PROBLEM → Among the entries below, only the lines starting at the one with "2)?从键盘创立一个文件(用的很少,只能建不能编辑)。$ cat > test2.txt" and ending at the one with "1891-p Much Better", both included, are to be printed exactly.

MATERIAL SUPPLIED →
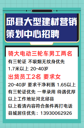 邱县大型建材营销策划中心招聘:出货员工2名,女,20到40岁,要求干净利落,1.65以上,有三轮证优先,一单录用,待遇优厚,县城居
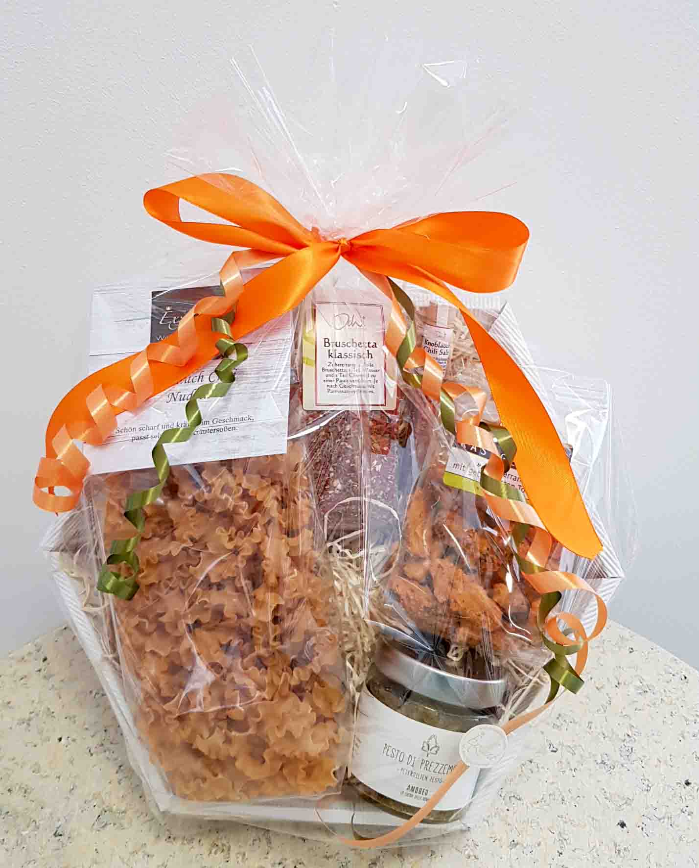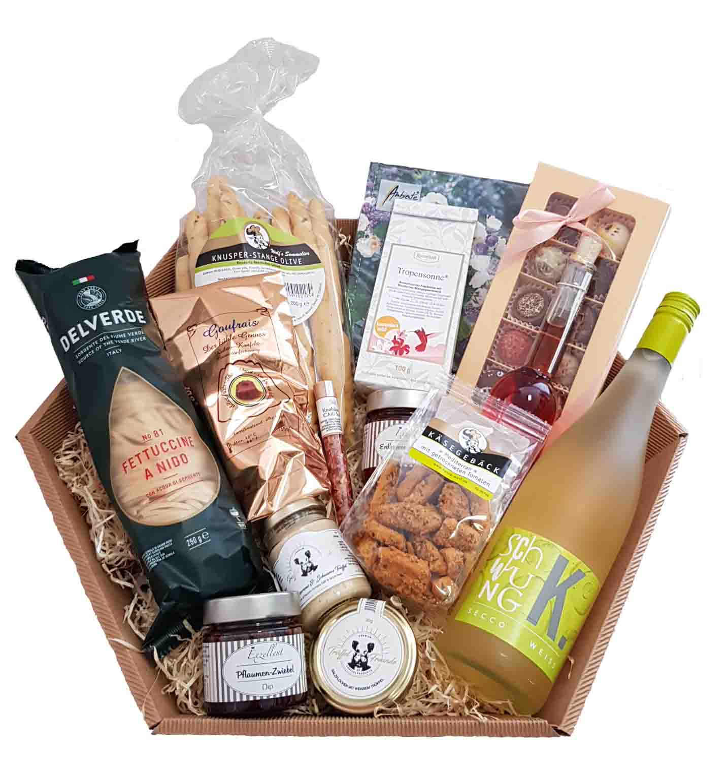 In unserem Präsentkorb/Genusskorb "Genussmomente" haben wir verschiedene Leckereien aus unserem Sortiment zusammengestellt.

* * *

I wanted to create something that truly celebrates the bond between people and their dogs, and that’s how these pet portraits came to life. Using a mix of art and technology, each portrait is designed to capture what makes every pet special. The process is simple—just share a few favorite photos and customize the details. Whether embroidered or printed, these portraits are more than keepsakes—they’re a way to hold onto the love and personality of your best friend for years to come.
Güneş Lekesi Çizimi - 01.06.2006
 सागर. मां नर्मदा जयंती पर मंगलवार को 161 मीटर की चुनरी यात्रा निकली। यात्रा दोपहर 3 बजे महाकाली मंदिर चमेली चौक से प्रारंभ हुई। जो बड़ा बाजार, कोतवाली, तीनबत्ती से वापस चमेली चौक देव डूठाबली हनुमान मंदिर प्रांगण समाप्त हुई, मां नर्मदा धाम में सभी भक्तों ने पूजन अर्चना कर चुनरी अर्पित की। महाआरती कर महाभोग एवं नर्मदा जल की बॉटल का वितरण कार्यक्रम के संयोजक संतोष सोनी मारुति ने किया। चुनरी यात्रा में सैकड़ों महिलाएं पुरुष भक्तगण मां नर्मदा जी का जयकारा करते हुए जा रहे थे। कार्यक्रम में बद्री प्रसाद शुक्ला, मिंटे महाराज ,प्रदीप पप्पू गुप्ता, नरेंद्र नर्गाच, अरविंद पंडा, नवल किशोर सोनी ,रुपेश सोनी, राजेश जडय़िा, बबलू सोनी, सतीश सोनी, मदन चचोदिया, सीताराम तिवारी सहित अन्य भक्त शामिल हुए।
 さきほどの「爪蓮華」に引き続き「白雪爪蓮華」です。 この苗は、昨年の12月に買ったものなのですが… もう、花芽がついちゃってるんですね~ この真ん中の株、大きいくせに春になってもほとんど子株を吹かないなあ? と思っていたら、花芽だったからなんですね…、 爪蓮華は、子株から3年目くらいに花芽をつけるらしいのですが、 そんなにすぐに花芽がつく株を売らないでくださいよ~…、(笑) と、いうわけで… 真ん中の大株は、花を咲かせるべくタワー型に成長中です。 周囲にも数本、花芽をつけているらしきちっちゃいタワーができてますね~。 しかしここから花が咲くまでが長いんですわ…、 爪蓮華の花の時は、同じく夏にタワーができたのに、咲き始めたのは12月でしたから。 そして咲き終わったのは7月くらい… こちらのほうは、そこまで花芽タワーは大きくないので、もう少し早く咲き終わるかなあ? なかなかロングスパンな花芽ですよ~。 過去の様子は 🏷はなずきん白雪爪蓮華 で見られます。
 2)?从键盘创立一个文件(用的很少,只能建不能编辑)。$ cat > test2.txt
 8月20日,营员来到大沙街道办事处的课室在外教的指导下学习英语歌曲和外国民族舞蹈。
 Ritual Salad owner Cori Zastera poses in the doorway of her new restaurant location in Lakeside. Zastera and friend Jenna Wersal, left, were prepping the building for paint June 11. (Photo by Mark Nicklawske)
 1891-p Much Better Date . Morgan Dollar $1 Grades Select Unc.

EXERCISE RESPONSE →
 2)?从键盘创立一个文件(用的很少,只能建不能编辑)。$ cat > test2.txt
 8月20日,营员来到大沙街道办事处的课室在外教的指导下学习英语歌曲和外国民族舞蹈。
 Ritual Salad owner Cori Zastera poses in the doorway of her new restaurant location in Lakeside. Zastera and friend Jenna Wersal, left, were prepping the building for paint June 11. (Photo by Mark Nicklawske)
 1891-p Much Better Date . Morgan Dollar $1 Grades Select Unc.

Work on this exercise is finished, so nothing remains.